Is there a book you find yourself revisiting many times?
In Praise of Shadows by Junichiro Tanizaki. While this book is a paean of Japanese aesthetics, it also reminded me to appreciate the darkness as much as the light and to be content with things as they are.
If light is scarce then light is scarce; we will immerse ourselves in the darkness and there discover its own particular beauty. — Tanizaki
If you could master one talent immediately, what would it be and why?
To master all languages. Language plays an important role to culture and identity so I don’t want to lose them.
You get to live in a set of a movie or a show for the rest of your life. Tell us more about the set you choose.
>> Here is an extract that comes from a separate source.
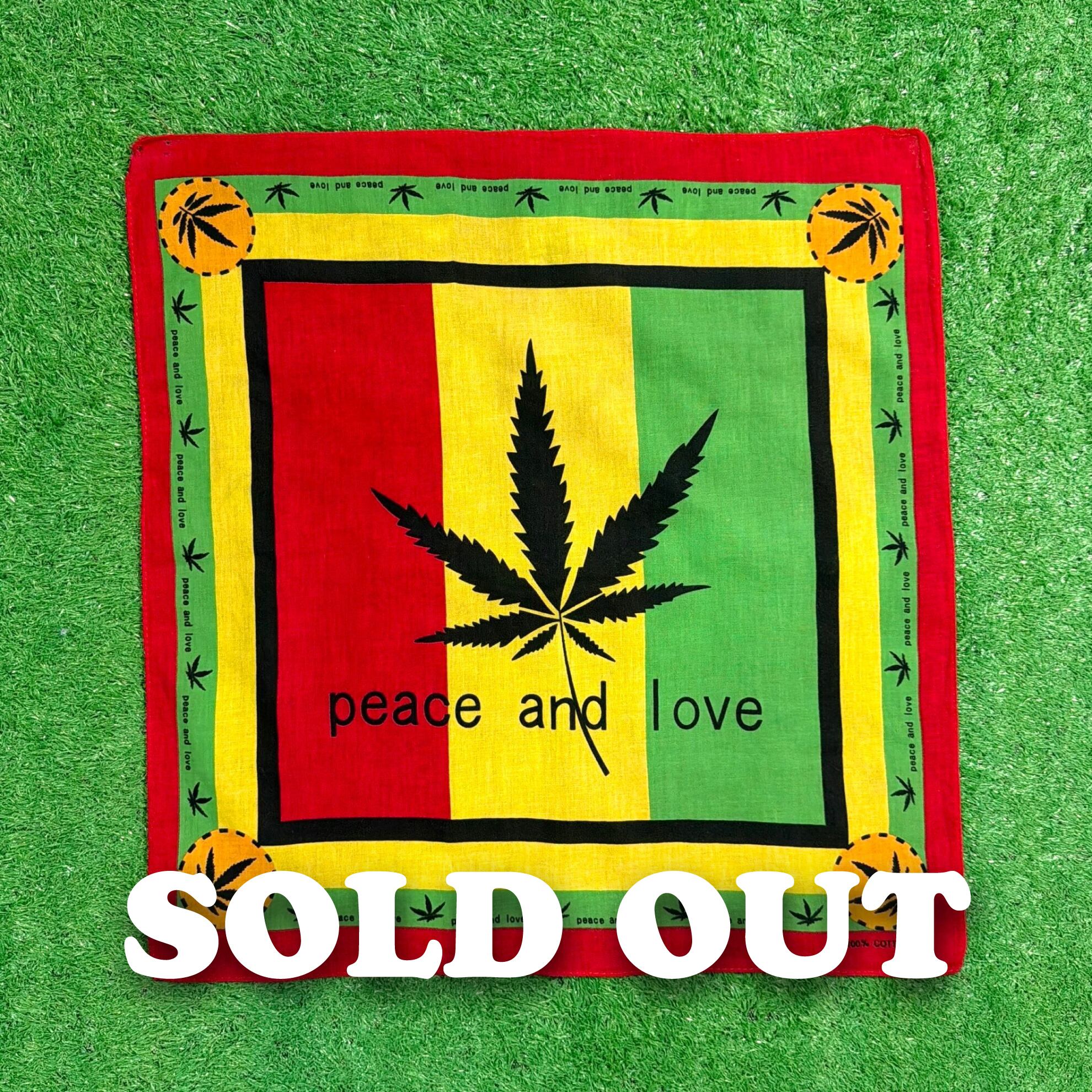 レゲエカルチャーを象徴するラスタカラー(レッド・イエロー・グリーン)が目を引くバンダナです。中央には麻の葉モチーフが大きく描かれ、「peace and love」の文字がデザインされた1枚。四隅にも同じモチーフが入っており、レゲエやストリート好きにはたまらない雰囲気のアイテムです。

Midnight Diner: Tokyo Stories. It is an understated and heartwarming show about a master who opens his diner from midnight to 7am. I would love to be a regular at his diner: I can just sit in comfortably every night, have my favourite meal that might not be on the menu and then listen to everyone’s ups and downs. Though, I do recommend not to watch on an empty stomach!
What would you do more often if you knew you could not fail?
Perform in front of a crowd. I have been learning to play the violin for a while now and as an adult, it has been challenging yet fascinating. It often pushes me in ways I can never expect.
What’s one guilty pleasure you have that you can’t live without?
It’s not very interesting, but whenever I’m near Golden Mile Complex, I’ll always buy myself a bag of sweet potato balls that’s just outside the Thai supermarket. Though they don’t taste exactly the same, but they always remind me of the ones I enjoyed in Taiwan. Such potato balls are not commonly sold here, so I will try to get my hands on them whenever I can.
Share with us a fond childhood memory.
My father occasionally brought me out for rides on his motorbike. He still does, though not as often now. Since then, I always enjoy the exhilarating and breezy rides on the motorbike.